The transformation is mechanical but not invisible. Here’s how compile_number_literal changes:
#![allow(unused)]
fn main() {
use melior::dialect::arith;
use melior::ir::attribute::{FloatAttribute, IntegerAttribute};
use melior::ir::operation::OperationBuilder;
use melior::ir::r#type::Type;
use melior::ir::{Block, Location, Value};
// Numbers-only (Part 1): returns a single f64 Value
fn compile_number_literal(&self, value: f64, block: &Block<'c>) -> Value<'c, 'c> {
let location = Location::unknown(self.context);
let op = arith::constant(self.context, FloatAttribute::new(
Type::float64(self.context), value
).into(), location);
block.append_operation(op).result(0).unwrap().into()
}
// Tagged union (Part 9): returns (tag, payload) pair
fn compile_number_literal_tagged(&self, value: f64, block: &Block<'c>) -> (Value<'c, 'c>, Value<'c, 'c>) {
let location = Location::unknown(self.context);
// tag = TAG_NUMBER
let tag = block.append_operation(arith::constant(
self.context,
IntegerAttribute::new(Type::parse(self.context, "i8").unwrap(), TAG_NUMBER as i64).into(),
location,
));
// payload = f64 bitcast to i64
let f64_val = block.append_operation(arith::constant(
self.context,
FloatAttribute::new(Type::float64(self.context), value).into(),
location,
));
// llvm.bitcast reinterprets the f64 bits as i64 (preserving the bit
// pattern). We use the LLVM dialect's bitcast rather than arith.bitcast
// because we're generating LLVM dialect IR directly — the arith dialect's
// bitcast would need to be lowered by `convert-arith-to-llvm` anyway.
// Both operations perform the same reinterpreted bit-for-bit conversion
// between types of equal width (including float↔integer). See the
// "Why llvm.bitcast?" note in compile_clock for the full explanation.
let payload = block.append_operation(OperationBuilder::new("llvm.bitcast", location)
.add_operands(&[f64_val.result(0).unwrap()])
.add_results(&[Type::parse(self.context, "i64").unwrap().into()])
.build().expect("valid bitcast"));
(tag.result(0).unwrap().into(), payload.result(0).unwrap().into())
}
}
Same computation at the core — arith.constant to produce the value — but now wrapped in a tag constant and a bitcast. Every expression type gets the same treatment: compute the value, then wrap it in the appropriate tag. Binary operations like lox.add are more involved (they need tag checks on the inputs before extracting payloads), but the pattern is the same.
#![allow(unused)]
fn main() {
use melior::dialect::func;
use melior::ir::attribute::FlatSymbolRefAttribute;
use melior::ir::r#type::Type;
use melior::ir::{Block, Location, Value};
use std::collections::HashMap;
// In CodeGenerator::compile_print
fn compile_print(&self, print: &PrintStmt, block: &Block<'c>, variables: &mut HashMap<String, Value<'c, 'c>>) {
let location = Location::unknown(self.context);
let (tag, payload) = self.compile_expression_tagged(&print.value, block);
// Call the already-declared lox_print function.
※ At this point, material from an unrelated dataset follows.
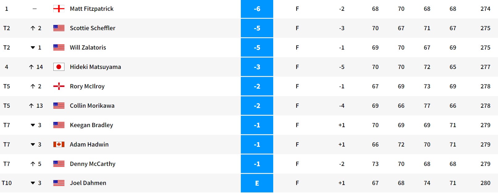 Surprising, given he was so steady with the flatstick last year. Koepka is up there at +850 given his re-discovered god status at majors. Rahm won at Riv earlier this year and quite simply, he's Jon fucking Rahm. Hovland is hot given his win at Jack's place and strong performance at the PGA. Rory seems to be trending back up after finding himself at the mix last week in Canada. Cantlay, Schauffele, and Homa have the local storyline. There's a lot to like here.

// Only the call goes in the block — the declaration is at module level.
let call_op = func::call(
self.context,
FlatSymbolRefAttribute::new(self.context, "lox_print"),
&[tag, payload],
&[],
location,
);
block.append_operation(call_op);
}
}
The Clock Function
clock() is simpler — it takes no arguments and returns f64:
#![allow(unused)]
fn main() {
use melior::dialect::{arith, func};
use melior::ir::attribute::{FlatSymbolRefAttribute, IntegerAttribute};
use melior::ir::operation::OperationBuilder;
use melior::ir::r#type::Type;
use melior::ir::{Block, Location, Value};
fn compile_clock(&self, block: &Block<'c>) -> (Value<'c, 'c>, Value<'c, 'c>) {
let location = Location::unknown(self.context);
// Call the already-declared lox_clock function.
let call_op = func::call(
self.context,
FlatSymbolRefAttribute::new(self.context, "lox_clock"),
&[],
&[Type::float64(self.context)],
location,
);
let result = block.append_operation(call_op);
let f64_result: Value = result.result(0).unwrap().into();
// Box the f64 into a tagged value: tag = TAG_NUMBER, payload = bits
let tag = block.append_operation(arith::constant(
self.context,
IntegerAttribute::new(
Type::parse(self.context, "i8").unwrap(),
TAG_NUMBER as i64,
).into(),
location,
));
// Reinterpret the f64 bits as i64 for the payload.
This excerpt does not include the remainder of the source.